If you do this in turn for all \(n\) observations, you must fit the model \(n + 1\) times, an overall fit to the training data with \(n\) observations, and \(n\) additional fits with training data sets of size \(n - 1\), leaving out each observation in turn. The computationally expensive part of fitting the linear model is building the cross-product matrix \(\textbf{X}^\prime\textbf{X}\) and computing its inverse \(\left( \textbf{X}^\prime\textbf{X}\right)^{-1}\).
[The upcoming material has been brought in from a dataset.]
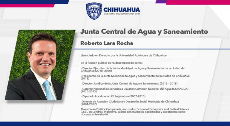 En un evento con sede en el hotel Sheraton, esta mañana la gobernadora electa María Eugenia Campos Galván anunció a los funcionarios que integrarán su gabinete durante su mandato como titular del Gobierno del Estado 2021-2027, donde reveló que Roberto Lara Rocha será el nuevo Director de la Junta Central de Agua y Saneamiento.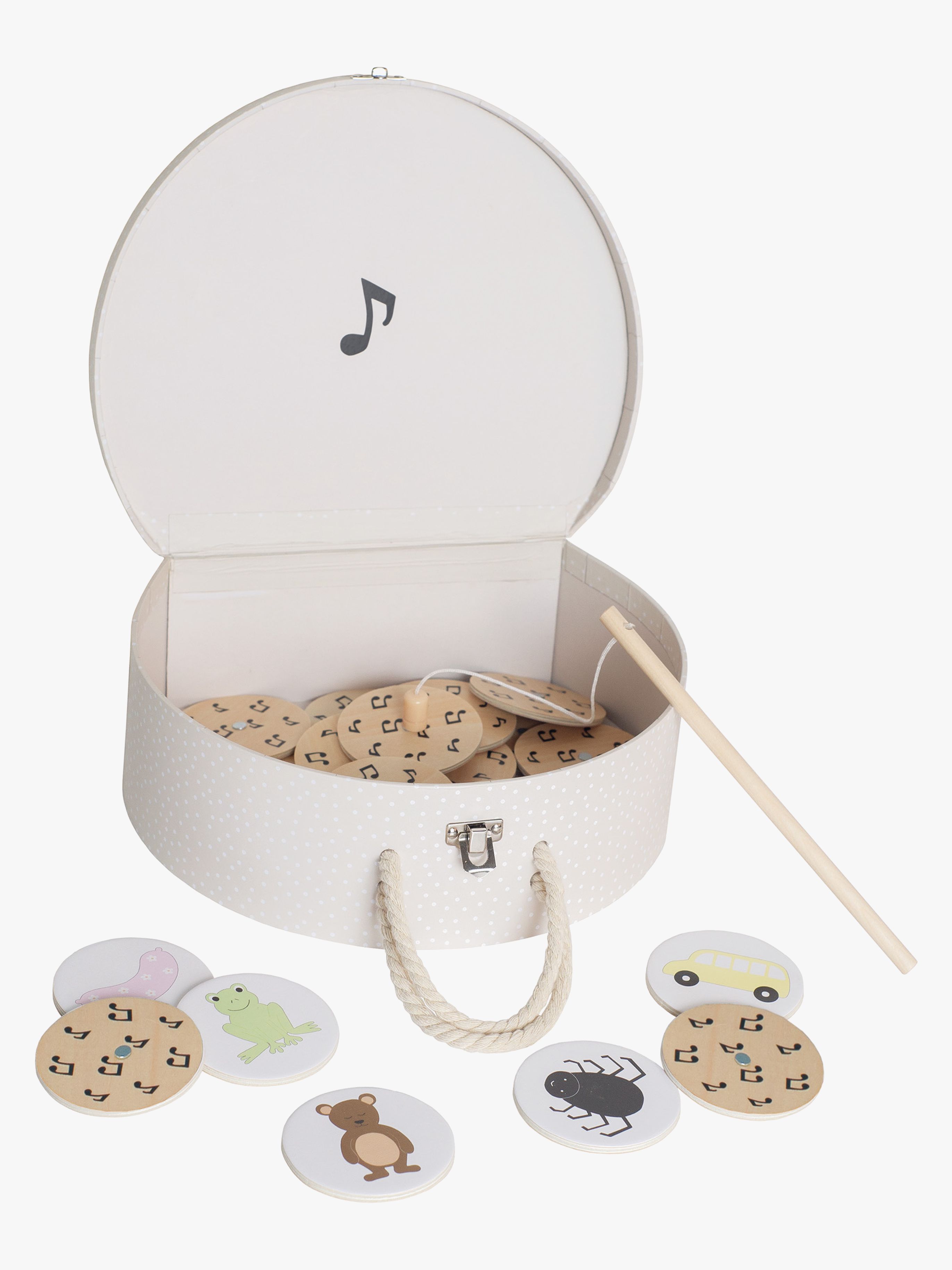 Sångväska från Jabadabado med ett fiskespö med en magnet. Den har 23 sångkort med olika barnvisemotiv. Perfekt för många mysiga och underhållande stunder tillsammans. Använd det lilla fiskespöet för att fiska upp ett sångkort och sjung sedan visan som passar ihop med bilden. - CE-märkt. - Innehåller: 1 väska, 23 sångkort, 1 fiskespö. - Rekommenderad ålder: Från 3 år.

The Sherman-Morrison-Woodbury formula allows us to compute the inverse of the cross-product matrix based on \(\left( \textbf{X}^\prime\textbf{X}\right)^{- 1}\) as if the \(i\)^th observation had been removed.

Denote as \(\textbf{X}_{-i}\) the design matrix with the \(i\)^th observation removed. Then

\[ \left( \textbf{X}_{-i}^\prime\textbf{X}_{-i} \right)^{- 1} = \left( \textbf{X}^\prime\textbf{X}- \textbf{X}_{i}\textbf{X}_{i}^{\prime} \right)^{-1}\ = \left( \textbf{X}^\prime\textbf{X}\right)^{- 1} + \frac{\left( \textbf{X}^\prime\textbf{X}\right)^{-1}{\textbf{X}_{i}\textbf{X}_{i}^{\prime}\left( \textbf{X}^\prime\textbf{X}\right)}^{- 1}}{1 - \textbf{X}_{i}^{\prime}\left( \textbf{X}^\prime\textbf{X}\right)^{-1}\textbf{X}_{i}} \]

Because of this remarkable result, leave-one-out statistics can be calculated easily—without retraining any models—based on the fit to the full training data alone. Note that the quantity in the denominator of the right-hand side is the diagonal value of \(\textbf{I}- \textbf{H}\), where \(\textbf{H}\) is the hat matrix. If \(h_{ii}\) denotes the diagonal values of \(\textbf{H}\), we can write the update formula as

\[ \left( \textbf{X}^\prime\textbf{X}\right)^{- 1} + \frac{\left( \textbf{X}^\prime\textbf{X}\right)^{- 1}{\textbf{X}_{i}\textbf{X}_{i}^{\prime}\left( \textbf{X}^\prime\textbf{X}\right)}^{- 1}}{1 - h_{ii}} \]

The leverage values \(h_{ii}\) play an important role in the computation of residual, influence, and case-deletion diagnostics in linear models.